How many sockets were destroyed?
I repeated this five times, each time increasing the number of sockets in the system's UDP hash by 10x using a script that creates lots of connected sockets. +---------+----------------+ | Sockets | Iteration Time | +---------+----------------+ | 100 | 6.35ms | | 1000 | 4.03ms | | 10000 | 20.0ms | | 100000 | 103ms | | 1000000 | 9.38s | +---------+----------------+ Namespaces = 100 [CPU] AMD Ryzen 9 9900X Iteration takes longer as more sockets are added. All the while, CPU utilization is high with `perf top` showing `bpf_iter_udp_batch` at the top: 70.58% [kernel] [k] bpf_iter_udp_batch Although this example uses UDP sockets, a similar trend should be present with TCP sockets and iterators as well. Even low numbers of sockets and sub-second times can be problematic in clusters with high churn or where a burst of backend deletions occurs.
For TCP, is it possible to abort the connection in BPF_SOCK_OPS_RTO_CB to stop the retry? RTO is not a per packet event.
Does it have a lot of UDP connected sockets left to iterate in production?

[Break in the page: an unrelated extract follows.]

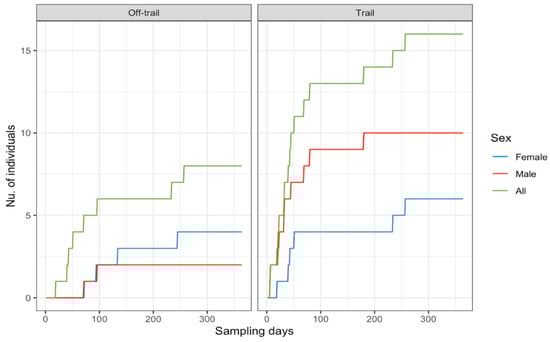 Accumulated number of jaguar individuals by sex at trail/off trail camera placement locations across sampling days for a jaguar camera trap density study in Sector Santa Rosa, Guanacaste Conservation Area, Northwestern Costa Rica.
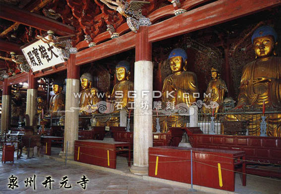 以福建佛寺为例,闽南最大的佛寺泉州开元寺其大雄宝殿供的是五方佛,其他的名刹多数是三世佛或三方佛,如鼓山涌泉寺、福州西禅寺、莆田广化寺、漳州南山寺、泉州承天寺、安海龙山寺后殿、厦门南普陀寺等均供奉三世佛。

This can be slightly improved by doing some extra bookkeeping that lets us skip certain namespaces that we know don't contain sockets connected to the backend, but in general we're boxed in by three limitations: 1. BPF socket iterators scan through every socket in the system's UDP or TCP socket hash tables to find those belonging to the current network namespace, since by default all namespaces share the same set of global tables. As the number of sockets in a system grows, more time will be spent filtering out unrelated sockets. You could use udp_child_hash_entries and tcp_child_ehash_entries to give each
I assume the sockets that need to be destroyed could be in different child hashtables (i.e. in different netns) even child_[e]hash is used?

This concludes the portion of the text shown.